Bottom line: It’s an unrealistic project that would almost certainly collapse under the weight of its own ambitions before it ever got off the ground. The chances of it being approved are poor. If by some miracle it does get picked, expect it to launch much later than planned, and with a much reduced scope and/or with poor-quality programming.

Multicultural Described Video Guide

The proposal: A series of 20 audio-only channels in 23 languages (including English, French and Indigenous languages) listing television series on other channels that have described video available.

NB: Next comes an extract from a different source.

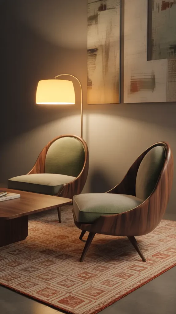 To create the desired ambience, I would store these chairs as a set of brass floor lamps, low wooden coffee tables, patterned vintage rugs and a wall art that is textured and shows employer in craftsmanship. Such combination of materials makes the room rather characterful and deep but not too themed. These chairs are also more adaptable to the modern environment, as they have soft boucle fabric, smooth leather finishes, and warm walnut accents.
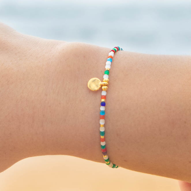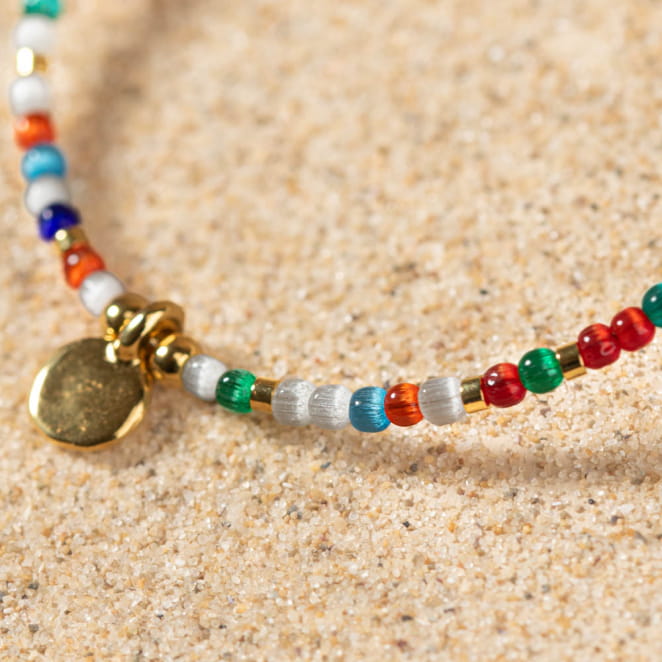 Ajoutez une touche d’élégance bohème à votre poignet avec ce bracelet fait main Minerve. Composé de perles dorées et de perles en verre délicatement assemblées, il reflète la lumière avec subtilité et charme. Son pendentif doré en forme de médaille apporte une finition raffinée, évoquant des souvenirs de voyages et d’aventures sous le soleil. Facile à porter au quotidien ou pour sublimer une tenue, ce bracelet chic et intemporel incarne la simplicité avec une pointe d’authenticité. Un véritable trésor artisanal !

The applicant: Evan Kosiner of Kosiner Venture Capital Inc. is behind this application. Kosiner is a serial entrepreneur who has had many applications before the CRTC, including one in 2013 to have a described video guide similar to this one be made a mandatory channel. The CRTC declined to do so.

Programming highlights:

  • Each channel would have a prerecorded loop of clips:
    • about 1-5 minutes listing TV shows with described video available in that language in the current half-hour block
    • about 1-5 minutes listing shows in the next half-hour block
    • short news updates of 1-3 minutes, either produced in-house or in partnership with ethnic radio stations
    • “Potentially audio based PSAs for the community”

Pros:

  • Cheap: Only $0.04 per month per subscriber.
  • Independent: Kosiner isn’t beholden to the Bells and Rogers of this world.

Cons:

  • Not a TV channel: This won’t replace OMNI. So if this is approved, it would have to be approved along with some other service listed above.
  • Inelegant: The ideal solution to the problem of people not being able to find DV shows would be to have more accessible set-top boxes (an issue the industry is working on). Tuning into another channel and waiting up to 10 minutes to find out what’s on TV is not the most convenient option.
  • Lack of content: How much Polish-language described video is there in Canada? It seems this application is more of a revisit of the 2013 one, which the CRTC turned down, with a bunch of other languages added to get it through the door under this hearing.
  • Poor planning: The additional languages were selected without much thought and it’s far from clear that Kosiner could find staff to record guides in each of those languages.
  • Conflicts: Kosiner and Accessible Media, which runs AMI TV, AMI télé and AMI Audio, appear to have had a falling out (I don’t know why and won’t try to explain at this point). Kosiner makes clear that in his view this service would replace AMI audio and/or AMI TV (saving distributors “millions” of dollars), and Kosiner is in fact suing the CRTC for publishing comments by AMI that Kosiner considers libellous. While we expect commissioners to be dispassionate and not punish someone for asserting his rights, it’s hard to believe that Kosiner’s actions won’t have a negative impact on the commission’s impression of him.

Bottom line: If the 2013 application failed, it’s hard to see how this one would succeed. Kosiner doesn’t have the best record getting competitive applications approved at the CRTC. But the commission has had turnover in five years, and there’s an outside chance that this application could be approved along with another one for an actual TV service.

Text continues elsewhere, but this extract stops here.